Baja California Liveaboards. To counter our reviewer's experience aboard the Nautilus Explorer in
April, let us note that Barry Levenson (Bellingham, WA) boarded the boat in May and had no issues.
"We were a little surprised at the guest-to-staff ratio of 25 to 9. Captain Shawn and his crew worked
like a well-oiled machine and made it seem easy, even though we knew it wasn't. We had manta
sightings on almost half the dives. We had pods of dolphins interact with us on four of 27 dives.
Other creatures were sailfish, eels, huge lobsters, hundreds of crosshatch triggers, guitarfish, tuna,
white-tip reef sharks, a few Galapagos sharks and some silkies. The dive deck was small but sufficient.
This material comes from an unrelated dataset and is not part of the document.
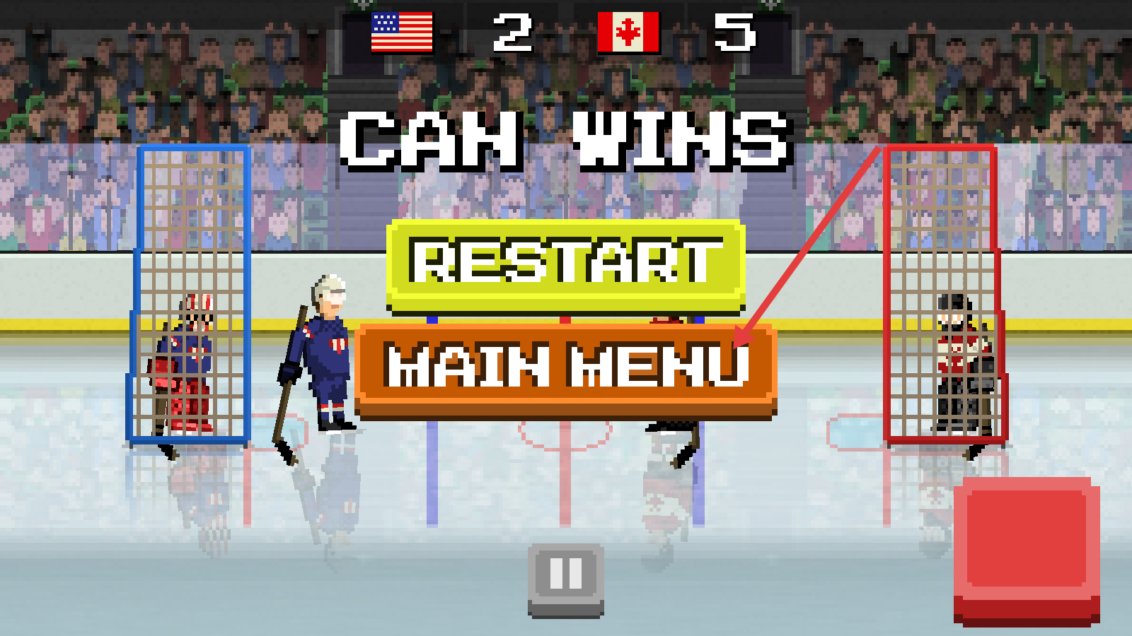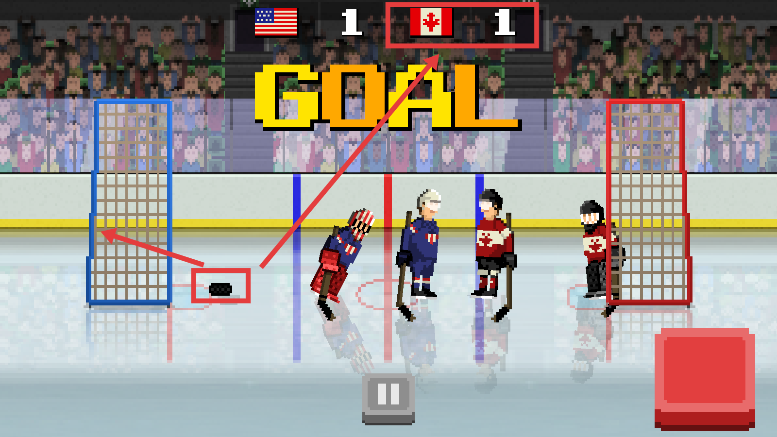 3、将冰球射入对方球门,触发【GOAL】提示,比分板实时更新(如1:1→5:2)。

Almost all dives were from a Zodiac. Loading was athletic and only one Zodiac had a ladder,
so if you were overweight or unable to pull yourself up over the side, you had to wait for the boat
with the ladder. The crew would help pull us up onto the other Zodiac, which worked fine and made
for some comic relief."
Another option is the Solmar V. Thomas Smith (Columbia, MO), who has logged more than 1,000
dives, was aboard in May. "It's an older boat that has been doing the islands for many years. It's clean
and well maintained, if smaller than newer liveaboards, with a great crew and OK food. The diving was
spectacular. I did four dives at El Canon from the big boat, where we saw mantas and white-tip sharks,
with a Galapagos shark passing well below. Brisk current on a couple dives, water about 78 degrees. At
Roca Partida, we did three dives for two days from Zodiacs. The schooling hammerheads were deeper
than we were. Saw a few silvertips, some Galapagos sharks, tons of white-tips and silkies on our safety
stops. The biggest thrills were frequent dolphins. Last day at the Boiler was the perfect end, with mantas on every dive, and a whopping seven mantas on the fourth. One of my best days diving in 25 years."
( www.solmarv.com )
Blackbird Caye, Belize. It's a nice little resort on Belize's Turneffe atoll, which we fully reviewed
positively some time ago. Jill Rain (Lopez Island, WA) has visited two years in a row and says, "The
resort and setting are wonderful. A quiet private island, 18 bungalows, a duplex and a triplex right
on the beach, with sea breezes. Excellent food." However, while it has some of Belize's best reef diving,
the resort's dive operation has changed so much from her visit a year ago, she isn't happy.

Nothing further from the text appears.